What I suspect is happening is that your bed heater has a high thermal mass (e.g. aluminium plate) and the thermistor is embedded in the heater, not in good contact with the plate. Does that describe your bed heater? This makes the long-term heating behaviour very different from the short-term behaviour. The current tuning algorithm measures the short term behaviour, because that is what is required for computing suitable PID parameters.
Please can you do a video of the heater being tuned, so that I can see the complete temperature graph during the tuning process.
As a workaround until I have a solution, if you reduce the R parameter in the M307 command by 30%, that should be sufficient to avoid getting heater faults.

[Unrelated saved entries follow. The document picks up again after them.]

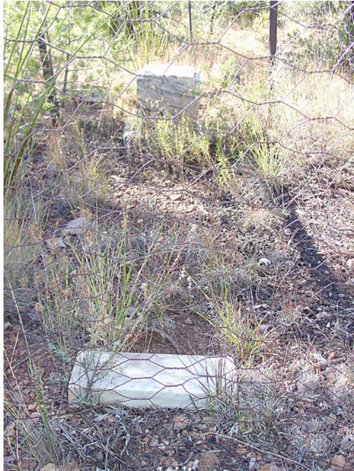
View 1 — Main (front)
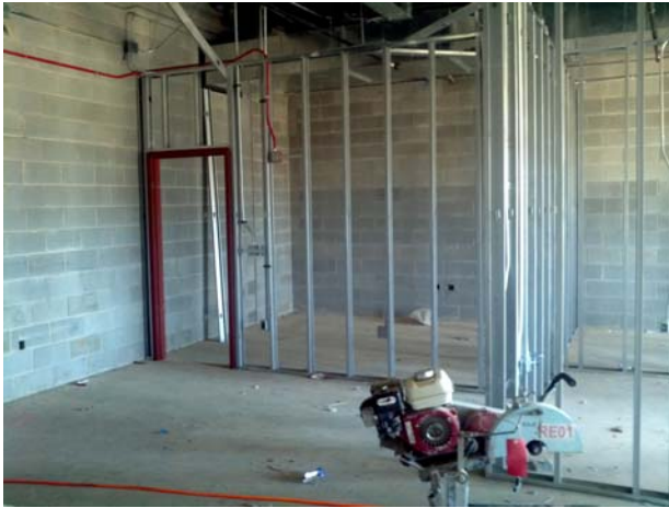
Stud framing in Admin Area
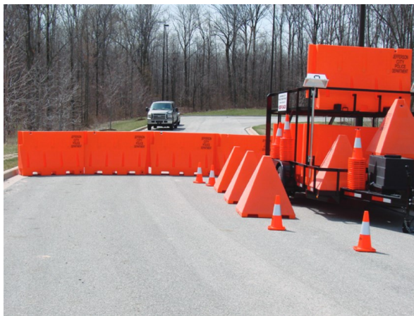
Quick Setup for Road Closing
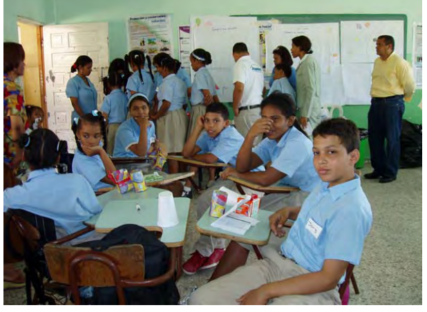
Student group participating in the workshop F.X. Bellini School
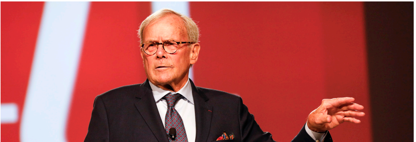
Tom Brokaw, Legendary Newsmen, NBC News
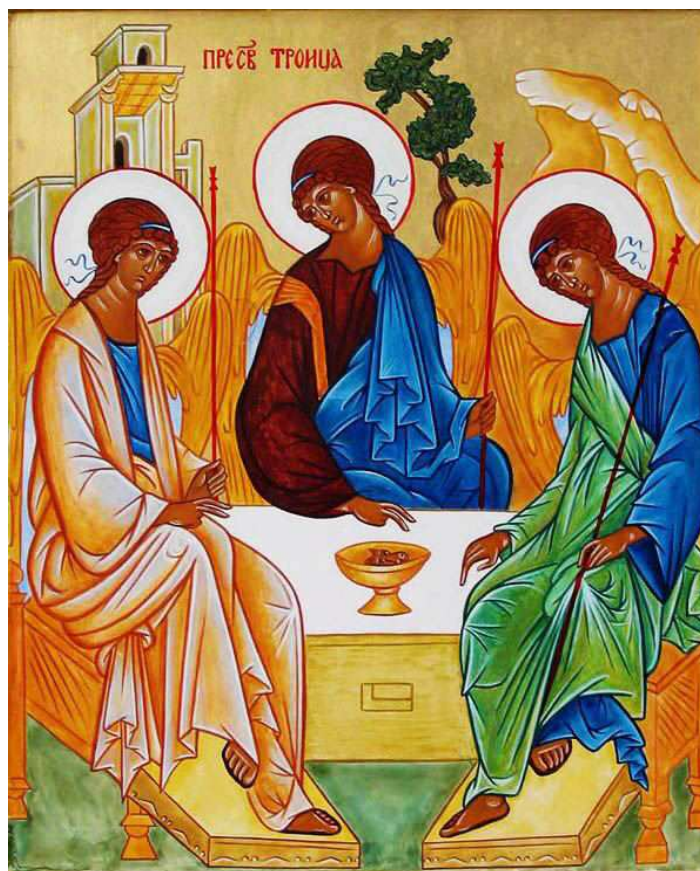
Orthodox Icon depicting the Trinity as the three visitors to Abraham (Genesis 18:1-15) The Holy Trinity Sunday, June 7, 2009 With One Voice: Setting Five
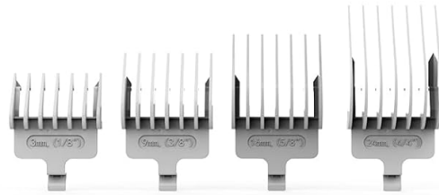
Clipper Limit Comb*4
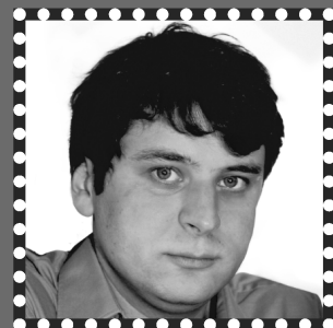
GM YURY SHULMAN
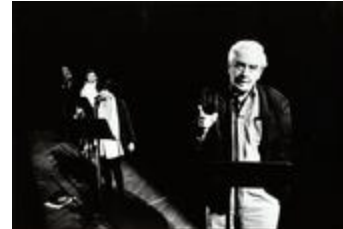
Three quarter length portrait of Robert Ashley onstage with performers during the 1st Other Minds Festival, San Francisco (1993) (IM.OM.FP.0001.044)
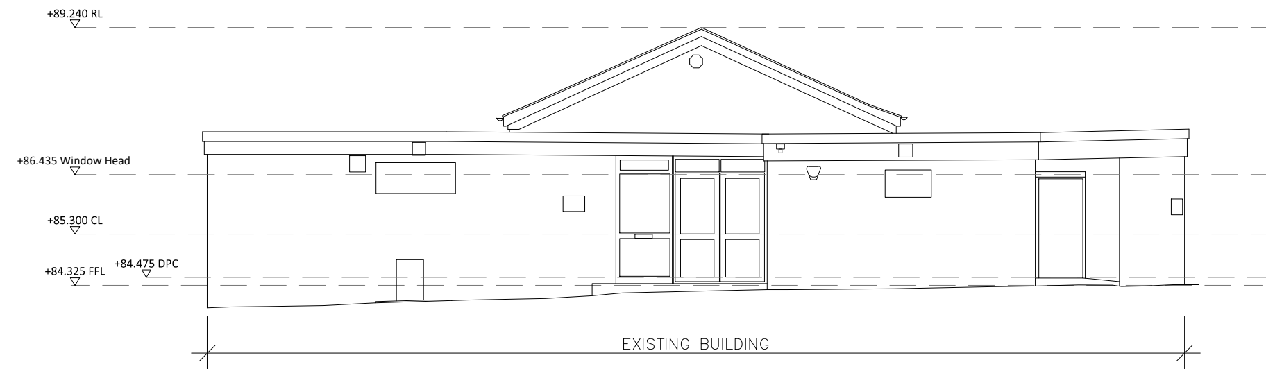
ELEVATION C - NORTH-WEST - FRONT
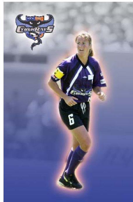
Brandi Chastain anchors the San Jose defense.
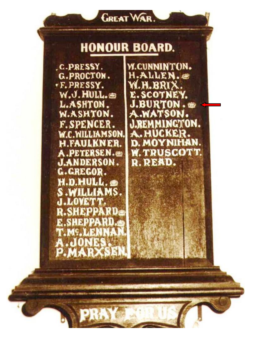
Tegege Hall Honour Board

Tested beta7+2 today, issue is still on my printer. I read the code change and found there is some tuning, I still have to change to 0.2. From the heat chart, it needs to take more than 10 minutes to heat from 50°C to 100°C
I don't have time to test and tune the parameter, just give 0.2 temporary
-
@hestiahuang if the expected heating rate is 0.42degC/sec and actual is 0.14 then any value below 0.14/0.42 = 0.333 should work. I'll change it to 0.3 in the next build.
-
@dc42 said in Heater fault on heated bed because it's rising to slow.:
@hestiahuang if the expected heating rate is 0.42degC/sec and actual is 0.14 then any value below 0.14/0.42 = 0.333 should work. I'll change it to 0.3 in the next build.
Many thanks for your explanation. Suggest that we can keep some buffers.
-
@dc42 said in Heater fault on heated bed because it's rising to slow.:
@hestiahuang if the expected heating rate is 0.42degC/sec and actual is 0.14 then any value below 0.14/0.42 = 0.333 should work. I'll change it to 0.3 in the next build.
Tested base on today's version. Thank you very much! Seem 0.2 is better to me.